→ AIM OF THE EXERCISE: Only one span of the material below is wanted. Output it exactly, from the line with "A felső emeleten" through the line with "Discover this St.", without any pictures.

→ AVAILABLE DATA:
* * *

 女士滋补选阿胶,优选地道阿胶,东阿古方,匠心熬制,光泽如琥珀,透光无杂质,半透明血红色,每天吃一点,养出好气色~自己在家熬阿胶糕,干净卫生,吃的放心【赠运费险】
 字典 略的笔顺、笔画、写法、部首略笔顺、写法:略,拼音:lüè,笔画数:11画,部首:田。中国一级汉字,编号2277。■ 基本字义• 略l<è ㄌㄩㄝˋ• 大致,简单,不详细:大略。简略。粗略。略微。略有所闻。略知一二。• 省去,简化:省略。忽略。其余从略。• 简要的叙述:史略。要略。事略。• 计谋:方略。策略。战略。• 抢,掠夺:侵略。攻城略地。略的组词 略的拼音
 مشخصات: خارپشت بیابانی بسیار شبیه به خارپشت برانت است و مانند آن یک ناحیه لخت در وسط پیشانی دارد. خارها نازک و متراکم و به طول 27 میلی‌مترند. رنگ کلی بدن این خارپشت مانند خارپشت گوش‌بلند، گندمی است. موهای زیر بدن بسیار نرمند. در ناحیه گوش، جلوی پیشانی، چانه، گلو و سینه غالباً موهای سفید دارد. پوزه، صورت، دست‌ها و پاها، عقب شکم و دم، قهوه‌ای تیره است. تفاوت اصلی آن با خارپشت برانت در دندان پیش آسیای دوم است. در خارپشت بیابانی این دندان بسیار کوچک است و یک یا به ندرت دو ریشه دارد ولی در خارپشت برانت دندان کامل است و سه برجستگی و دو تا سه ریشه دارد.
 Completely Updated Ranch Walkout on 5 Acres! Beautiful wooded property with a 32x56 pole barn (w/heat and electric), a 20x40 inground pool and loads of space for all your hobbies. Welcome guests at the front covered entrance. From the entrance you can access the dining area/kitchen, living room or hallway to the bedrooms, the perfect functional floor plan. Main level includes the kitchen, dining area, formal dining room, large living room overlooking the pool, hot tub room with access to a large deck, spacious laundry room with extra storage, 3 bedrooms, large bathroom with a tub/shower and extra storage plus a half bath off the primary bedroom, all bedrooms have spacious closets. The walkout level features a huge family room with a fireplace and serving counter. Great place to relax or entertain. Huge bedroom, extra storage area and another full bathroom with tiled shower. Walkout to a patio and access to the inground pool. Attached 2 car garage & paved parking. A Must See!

* * *

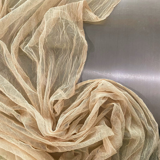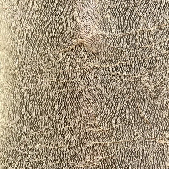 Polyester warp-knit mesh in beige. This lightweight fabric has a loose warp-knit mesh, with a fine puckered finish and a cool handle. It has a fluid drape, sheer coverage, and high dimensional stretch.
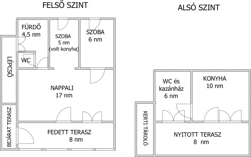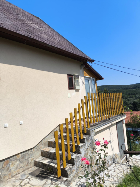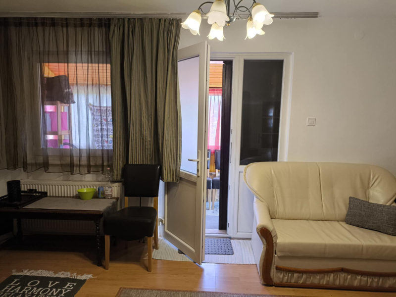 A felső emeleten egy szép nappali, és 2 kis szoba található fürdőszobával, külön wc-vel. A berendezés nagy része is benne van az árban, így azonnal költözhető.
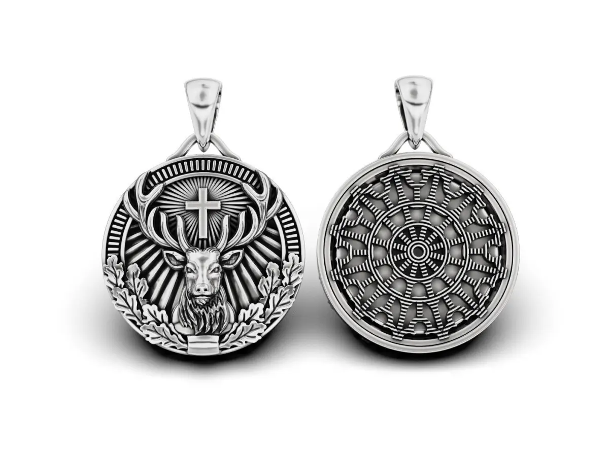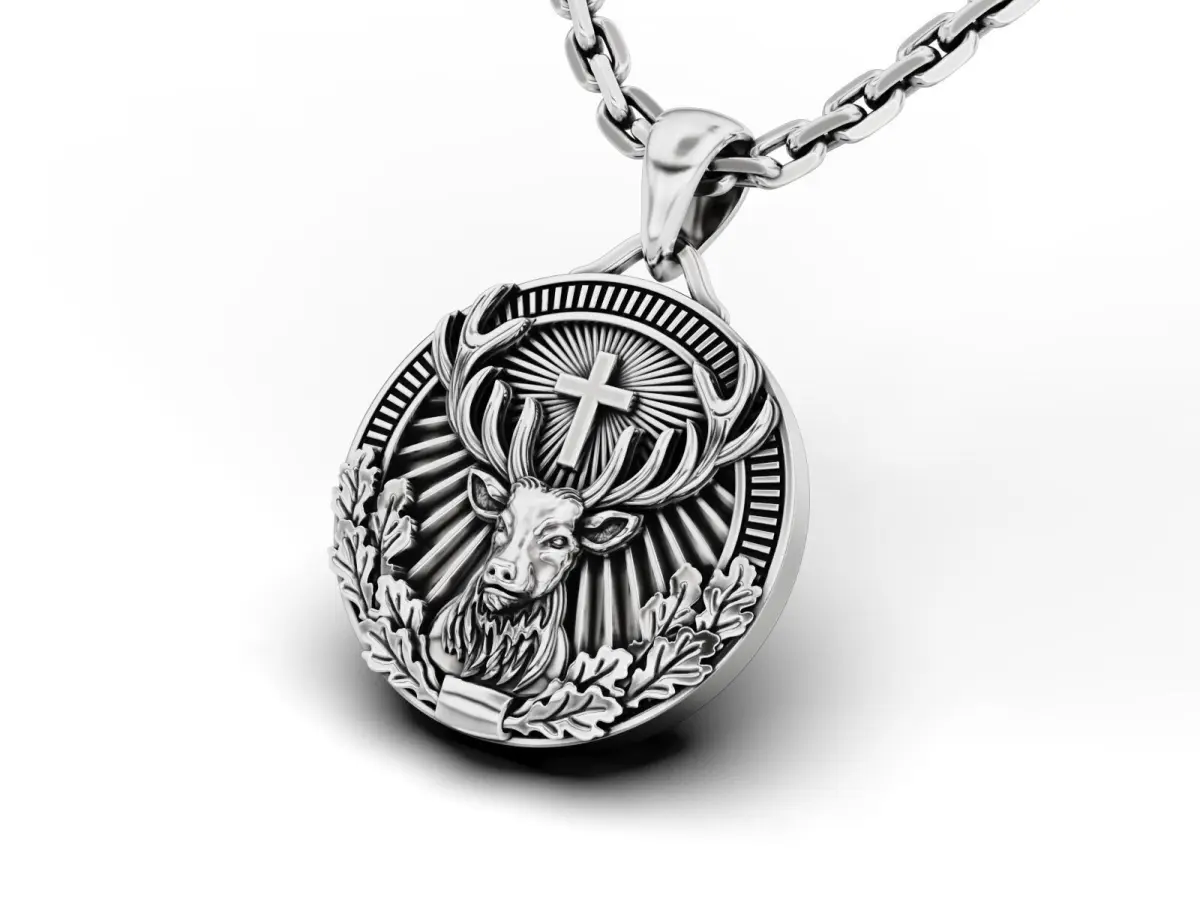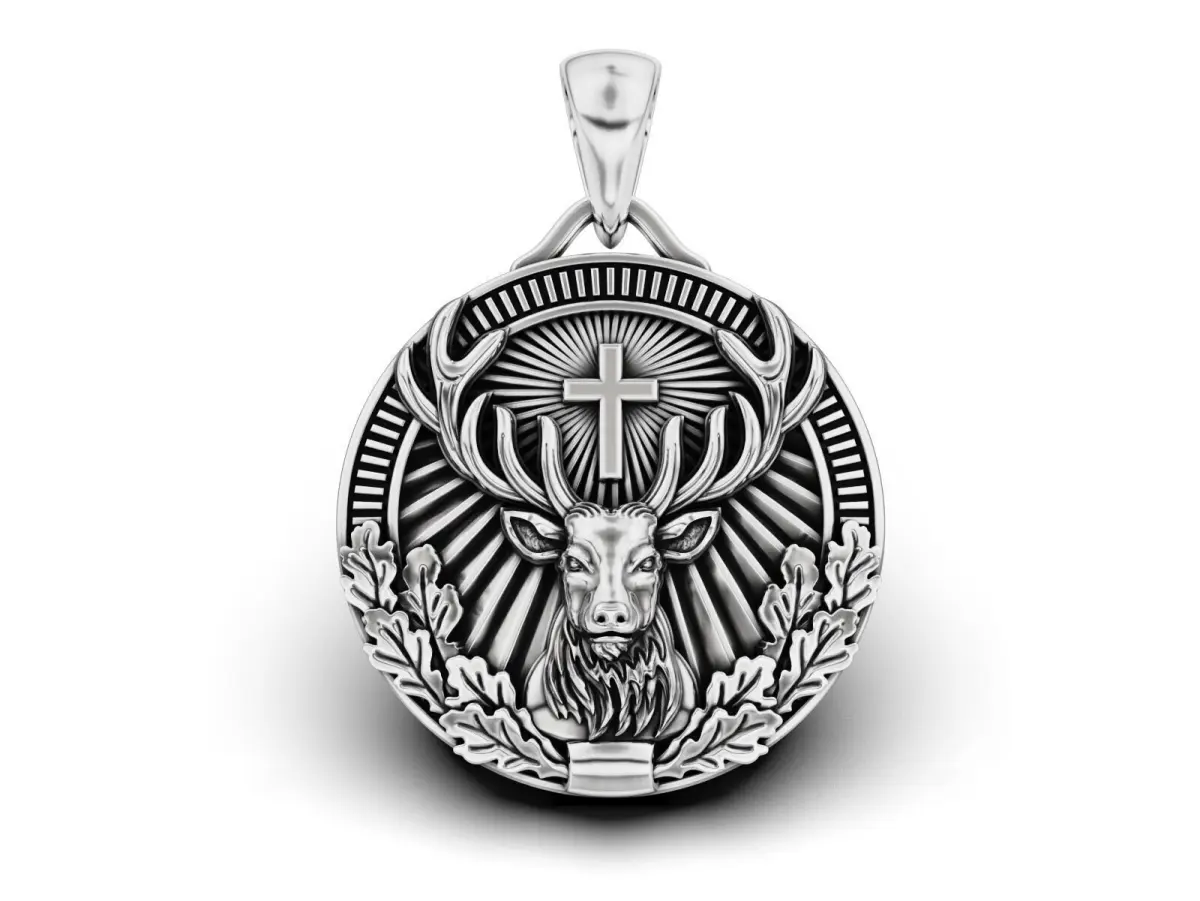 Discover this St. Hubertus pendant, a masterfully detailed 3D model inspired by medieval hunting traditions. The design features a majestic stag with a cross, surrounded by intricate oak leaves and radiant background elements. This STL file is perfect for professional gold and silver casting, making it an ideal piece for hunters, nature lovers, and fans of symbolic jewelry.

* * *

→ EXERCISE RESULT:
 A felső emeleten egy szép nappali, és 2 kis szoba található fürdőszobával, külön wc-vel. A berendezés nagy része is benne van az árban, így azonnal költözhető.
 Discover this St. Hubertus pendant, a masterfully detailed 3D model inspired by medieval hunting traditions. The design features a majestic stag with a cross, surrounded by intricate oak leaves and radiant background elements. This STL file is perfect for professional gold and silver casting, making it an ideal piece for hunters, nature lovers, and fans of symbolic jewelry.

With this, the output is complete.